## PROVIDED MATERIAL
[Start of section]

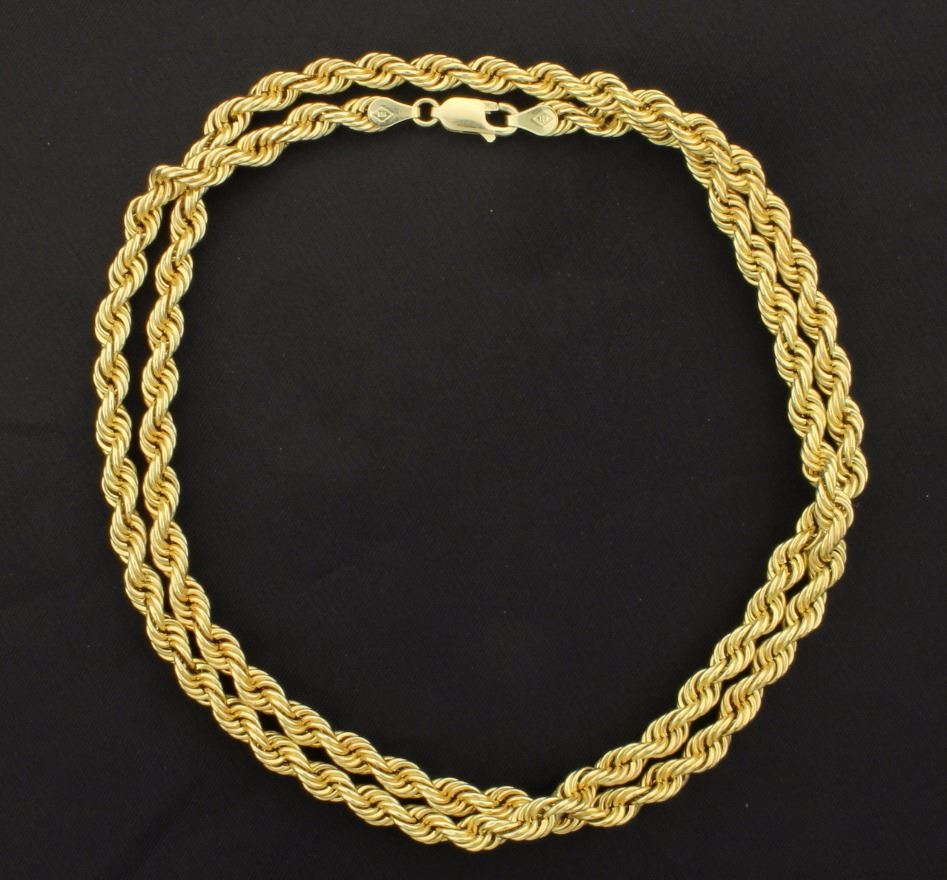 It is 10K yellow gold and is 4.9mm thick. 9.8g
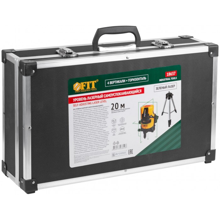 Уровень лазерный самоуспокаивающийся, зеленые лучи, горизонталь + 4 вертикали, диапазон 20 м, Li-Ion аккум., 2 уровня яркости, тренога, алюминиевый ке (18637)
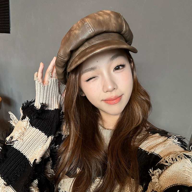 日系復古は古いカウボーイベレー帽の女性夏の薄い金の大きい頭の周りの2024の新型の顕顔の小さい八角形の画家の帽子をします。
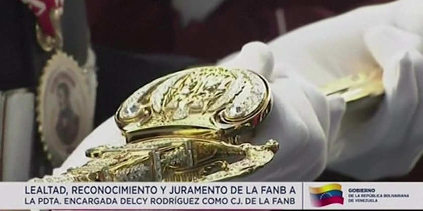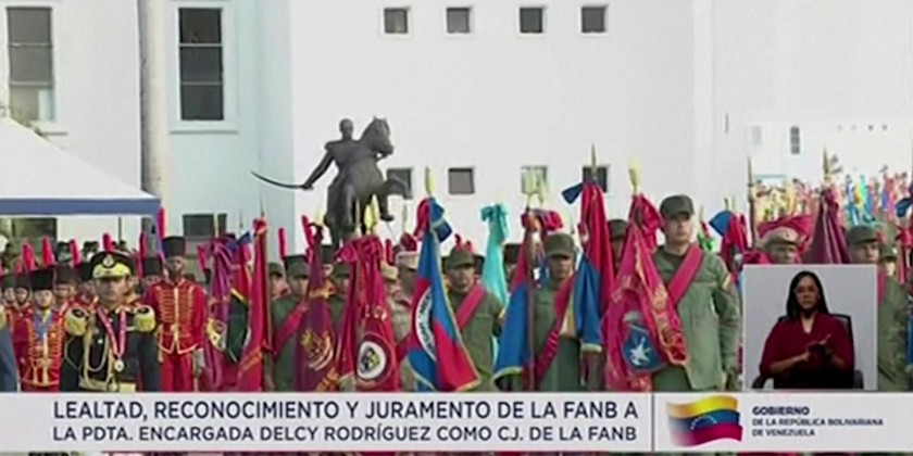 "They swear absolute loyalty and subordination," said Defense Minister Vladimir Padrino. Venezuela's powerful Interior Minister, Diosdado Cabello, pledged loyalty on behalf of police forces. The pledge came as more than 3,000 troops and police in uniform filed past Venezuela's first female leader and commander in chief.

[End of section]

## WHAT IS NEEDED
Whenever images occur above, omit them and retype each line exactly as it stands.

## OUTPUT FOR THIS EXERCISE
 It is 10K yellow gold and is 4.9mm thick. 9.8g
 Уровень лазерный самоуспокаивающийся, зеленые лучи, горизонталь + 4 вертикали, диапазон 20 м, Li-Ion аккум., 2 уровня яркости, тренога, алюминиевый ке (18637)
 日系復古は古いカウボーイベレー帽の女性夏の薄い金の大きい頭の周りの2024の新型の顕顔の小さい八角形の画家の帽子をします。
 "They swear absolute loyalty and subordination," said Defense Minister Vladimir Padrino. Venezuela's powerful Interior Minister, Diosdado Cabello, pledged loyalty on behalf of police forces. The pledge came as more than 3,000 troops and police in uniform filed past Venezuela's first female leader and commander in chief.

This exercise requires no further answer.